The Maven Tidy Plug-in can clean up HTML, XHTML and XML documents [1] . The the section called “ Cleaning up (X)HTML and XML source files” describes how to add and configure the plug-in for general use.

The the section called “Making DocBook content available in a Maven project site” shows all the details, from setting up DocBook content, to adding the plug-ins to the pom.xml. And generating DocBook content in a project site.

Getting the Plug-in

Adding the Maven Repository

The Maven Tidy Plug-in is not yet available through the central Maven Repository, but can be found in the project specific Maven Repository http://docbook-utils.sourceforge.net/maven2.

This Maven Repository can be added in a few different ways to a Maven build environment. Below are the most common options listed.

  • Add the <pluginRepository> lines direct to the project pom.xml

    Single user - Single project

  • Add the <pluginRepository> lines to a <profile> in the ~/.m2/setting.xml

    Single user - Multiple projects

  • Add the repository http://docbook-utils.sourceforge.net/maven2 to a Maven Repository Proxy, like Nexus, Artifactory, etc.

    Multiple users - Multiple projects

  <pluginRepositories>
    <pluginRepository>
      <id>docbook-utils</id>
      <name>DocBook Utils</name>
      <url>http://docbook-utils.sourceforge.net/maven2</url>
      <layout>default</layout>
      <releases>
        <enabled>true</enabled>
        <updatePolicy>daily</updatePolicy>
        <checksumPolicy>warn</checksumPolicy>
      </releases>
    </pluginRepository>
  </pluginRepositories>

Download the Plug-in

The files can also be downloaded from the project page on SourceForge.

Cleaning up (X)HTML and XML source files

Adding the Plug-in to a project

FIXME: Test if this indeed works (without exection part) FIXME: Add TIP how to let the plug-in run in another phase.

      <!--  Clean up (X)HTML and XML documents  -->
      <plugin>
        <groupId>net.sourceforge.docbook-utils.maven-plugin</groupId>
        <artifactId>maven-tidy-plugin</artifactId>
        <version>1.0.0.beta-1</version>
        <configuration>
          <!--  REQUIRED: The source directory (input files)  --> 
          <sourceDir>${project.build.directory}/generated-html</sourceDir>
        </configuration>
      </plugin>

An overview of the Plug-in is given on the Plug-in Usage page. Details of the configuration options are found on the goal tidy:tidy page.

Making DocBook content available in a Maven project site

When project documentation is written in the DocBook format This section describes how to add DocBook content to a Maven project site. For the conversion of DocBook content into HTML the docbkx-maven-plugin is used.

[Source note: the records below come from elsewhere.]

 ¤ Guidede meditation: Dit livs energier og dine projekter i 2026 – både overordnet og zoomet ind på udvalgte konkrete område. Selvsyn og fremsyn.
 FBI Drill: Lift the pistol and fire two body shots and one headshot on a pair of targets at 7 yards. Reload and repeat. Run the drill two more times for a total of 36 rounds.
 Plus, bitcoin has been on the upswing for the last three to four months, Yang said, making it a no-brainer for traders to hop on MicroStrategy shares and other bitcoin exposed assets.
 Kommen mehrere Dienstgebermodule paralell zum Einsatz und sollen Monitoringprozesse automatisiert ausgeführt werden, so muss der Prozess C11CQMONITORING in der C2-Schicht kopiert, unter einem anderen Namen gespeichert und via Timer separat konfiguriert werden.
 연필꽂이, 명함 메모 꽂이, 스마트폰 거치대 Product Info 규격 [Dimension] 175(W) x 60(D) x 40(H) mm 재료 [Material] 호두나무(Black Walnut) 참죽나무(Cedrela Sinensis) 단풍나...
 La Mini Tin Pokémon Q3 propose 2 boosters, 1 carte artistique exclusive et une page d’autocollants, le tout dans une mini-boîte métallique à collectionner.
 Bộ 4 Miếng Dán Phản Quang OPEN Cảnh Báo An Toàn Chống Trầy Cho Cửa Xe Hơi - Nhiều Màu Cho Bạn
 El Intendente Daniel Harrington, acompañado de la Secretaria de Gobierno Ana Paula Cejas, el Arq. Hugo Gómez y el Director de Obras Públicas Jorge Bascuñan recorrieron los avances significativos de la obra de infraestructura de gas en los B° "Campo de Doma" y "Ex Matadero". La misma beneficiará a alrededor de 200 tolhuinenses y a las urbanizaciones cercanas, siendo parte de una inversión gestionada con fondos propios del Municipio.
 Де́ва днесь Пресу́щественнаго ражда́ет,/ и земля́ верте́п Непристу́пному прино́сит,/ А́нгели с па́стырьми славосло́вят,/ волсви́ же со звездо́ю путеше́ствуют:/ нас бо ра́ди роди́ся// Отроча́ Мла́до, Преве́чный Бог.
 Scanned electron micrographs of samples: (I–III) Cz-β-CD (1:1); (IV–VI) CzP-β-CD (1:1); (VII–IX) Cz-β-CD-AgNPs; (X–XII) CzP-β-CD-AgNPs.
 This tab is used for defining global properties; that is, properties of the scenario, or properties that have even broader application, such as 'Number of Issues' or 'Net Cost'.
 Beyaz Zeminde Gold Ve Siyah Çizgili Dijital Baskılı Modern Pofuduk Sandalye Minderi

Once the DocBook content is converted, the generated HTML needs to be clean up with the maven-tidy-plugin. After that the maven-site-plugin can generate the project site.

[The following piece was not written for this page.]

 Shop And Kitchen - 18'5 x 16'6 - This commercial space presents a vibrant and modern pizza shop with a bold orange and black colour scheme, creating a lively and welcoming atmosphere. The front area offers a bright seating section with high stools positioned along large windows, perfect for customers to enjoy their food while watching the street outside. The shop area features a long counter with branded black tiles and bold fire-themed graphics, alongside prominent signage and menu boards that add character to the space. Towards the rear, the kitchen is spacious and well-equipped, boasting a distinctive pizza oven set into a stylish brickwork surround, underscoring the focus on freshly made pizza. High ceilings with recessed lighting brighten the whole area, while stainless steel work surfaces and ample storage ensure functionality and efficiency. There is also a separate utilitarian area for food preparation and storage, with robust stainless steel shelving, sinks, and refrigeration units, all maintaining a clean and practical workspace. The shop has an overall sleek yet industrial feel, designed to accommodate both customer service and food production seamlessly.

The XML code, for the DocBook content, the pom.xml and site.xml shown in the sections below, is also available as a bundle docbook-example-hello-world_1.0.0.alpha-1.tar.gz .

Adding DocBook content

The docbkx-maven-plugin requires that the DocBook sources are placed in the directory ${project}/src/docbkx. Create the directory and add the following file article-hello-world.xml to it:

<?xml version="1.0" encoding="UTF-8"?>

<!DOCTYPE article PUBLIC "-//OASIS//DTD DocBook XML V4.4//EN"
    "http://www.oasis-open.org/docbook/xml/4.4/docbookx.dtd">

<article  lang="en">
  <title>Hello World!</title>
  
  <section>
    <title>Welcome</title>
    <para>
        A small DocBook example. 
    </para>

    <para>
        The details of this example can be found in
        <ulink url="http://docbook-utils.sourceforge.net/maven-tidy-plugin_1.0/docbook/article-user-guide.html#section-maven-tidy-plugin-for-docbook-content">
          Making DocBook content available in a Maven project site
        </ulink>
        .
    </para>
  </section>
</article>

Adding the Required Plug-ins

There are three Maven Plug-ins involved, in the conversion of DocBook content into a HTML based project site. In Table 1, “The DocBook Process Flow” an overview is given, of how the DocBook source files are processed in three steps.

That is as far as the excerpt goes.